Coding => Coding => Topic started by: Urgent Care on January 26, 2011, 09:27:12 AM

Title: Payable Medicare code for a comparable code of 90715,
Post by: Urgent Care on January 26, 2011, 09:27:12 AM
I have been looking for a comparable, billable, payable Medicare code that is equal to a 90715. We are an Urgent Care facility that treats abrasions, wounds etc. and
more often than not our patients require a TDAP injection. Since Medicare sees this as routine they will not pay it, but they will pay for a seperate Tetanus  90703 or a 90296 Diptheria. I need a payable code for the combination, Tetanus, Diphtheria toxiod and acellular pertussis?
Title: Re: Payable Medicare code for a comparable code of 90715,
Post by: tlewis on January 26, 2011, 10:29:53 AM
From what I can tell the only way it would be paid is with an exposer or injury code. Preventative immunizations are not covered. So I guess your options would be to have the patients sign an ABN and collect from them.
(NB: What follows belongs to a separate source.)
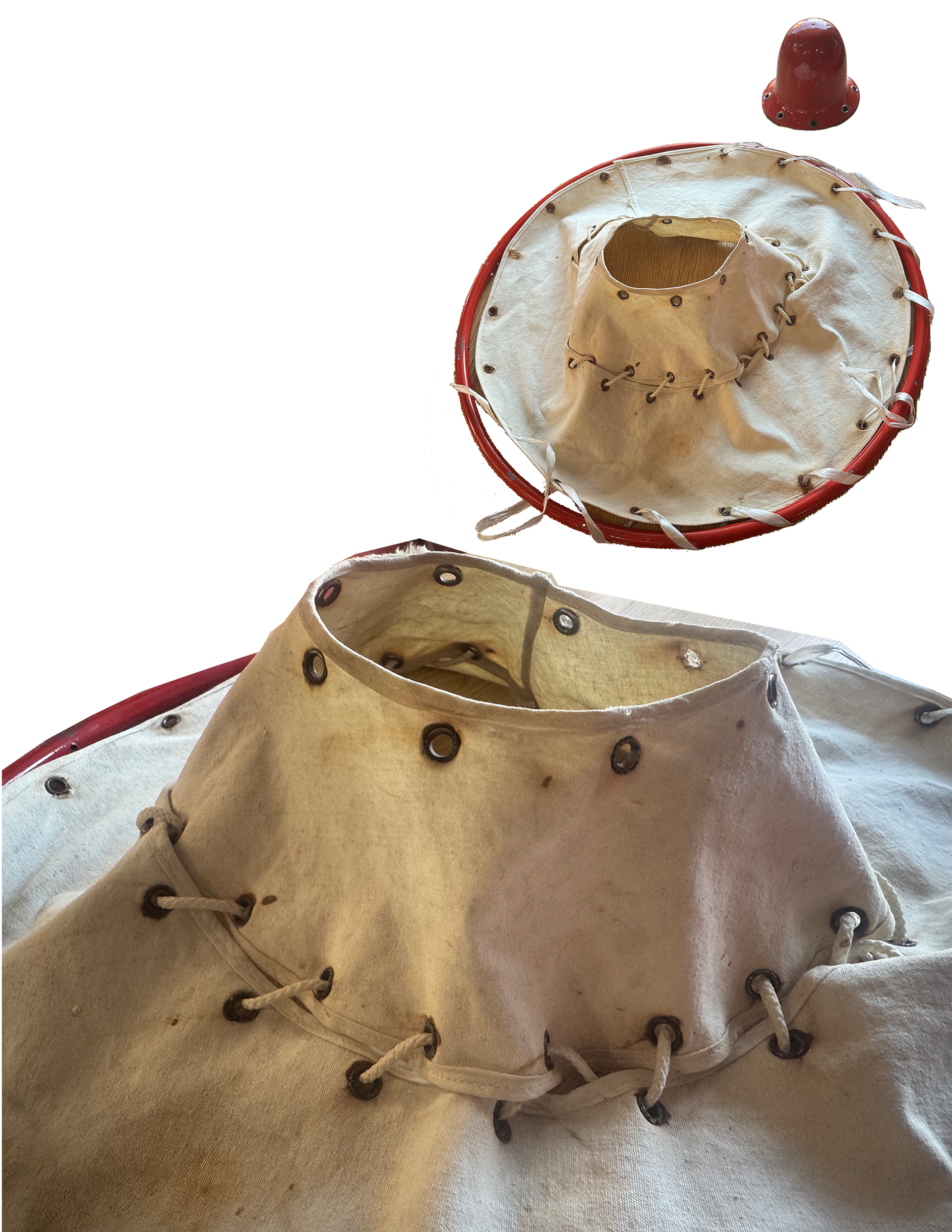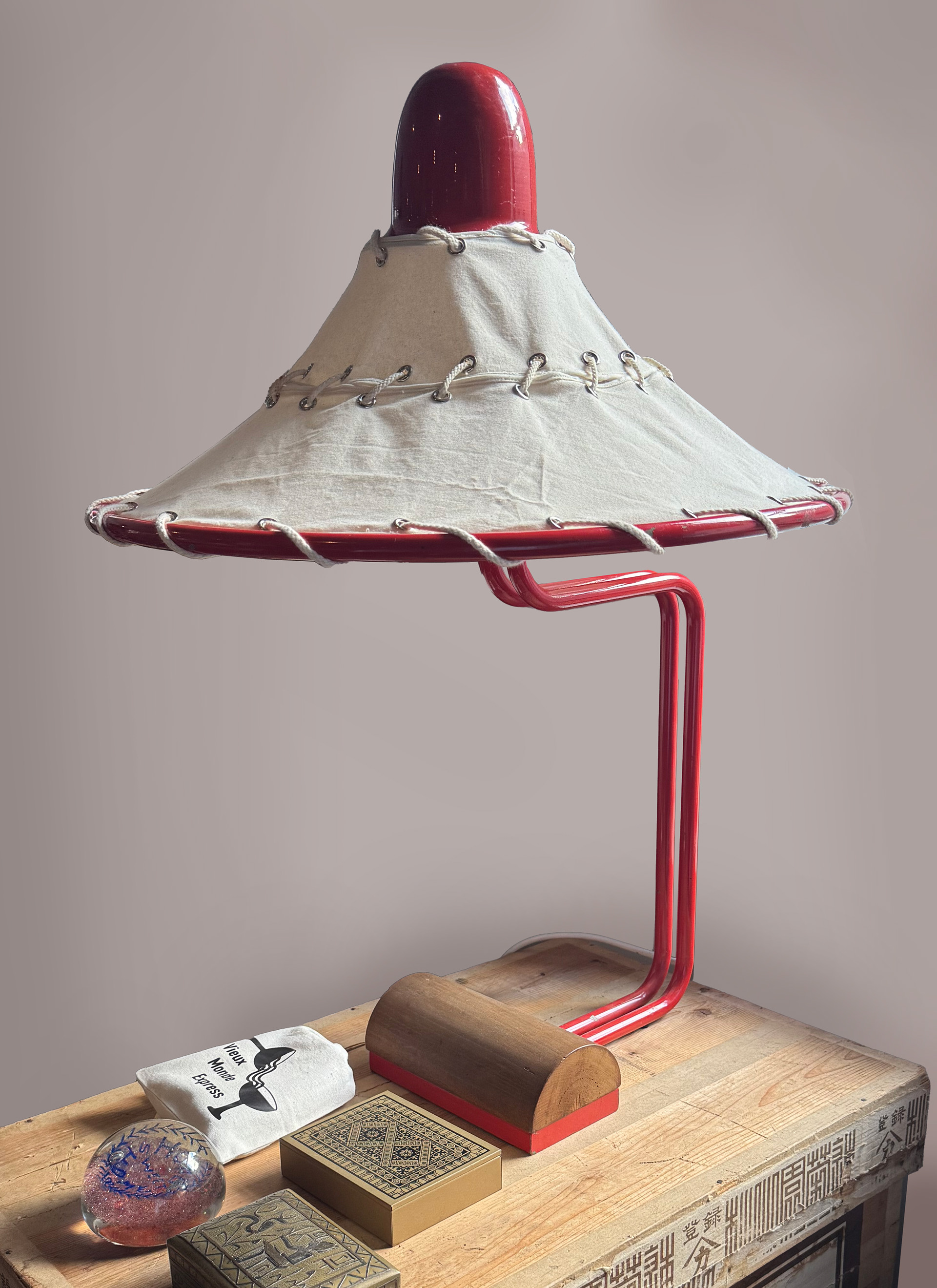 This quirky 70s design features a two tier linen shade lined with several grommets, which after half a century of life needed restoring. Creating a pattern from the deconstructed old shade and matching the existing grommet sizes, color, and placement yielded a faithful recreation of the original design.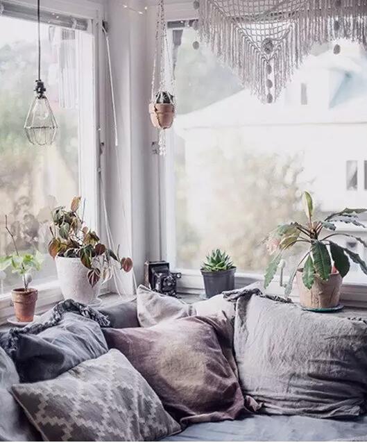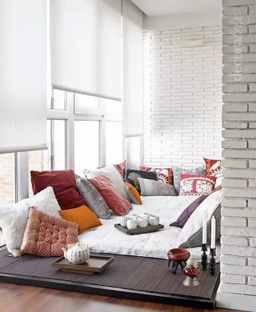 休息室嘛,自然怎么舒服怎么来。可以把沙发搬过去一个,甚至直接在地上摊一层被褥,堆满软软的垫子,或躺或坐,不能更美啦~

If not you will have to eat the cost.
here is a link with more infor

http://www.trailblazerhealth.com/Tools/LCDs.aspx?DomainID=1
Title: Re: Payable Medicare code for a comparable code of 90715,
Post by: Urgent Care on January 26, 2011, 12:15:49 PM
That's the big problem. They do go in with an injury code are still denied as routine and have to be appealed. Gets to be a bit much when you multiply over 300 clinics across the country and having to bill and appeal every one. Being an Urgent Care we see hundreds of injury's where patients really need th TDAP.  ???
Title: Re: Payable Medicare code for a comparable code of 90715,
Post by: tlewis on January 26, 2011, 03:15:50 PM
B. Tetanus and Diphtheria toxoids (90702, 90714, 90718) - These injections are temporarily being covered when given for an acute injury to a person who is incompletely immunized. This is due to the limited availability of the Tetanus toxoid.
When the availability of tetanus toxoid increases we may rescind coverage of these codes.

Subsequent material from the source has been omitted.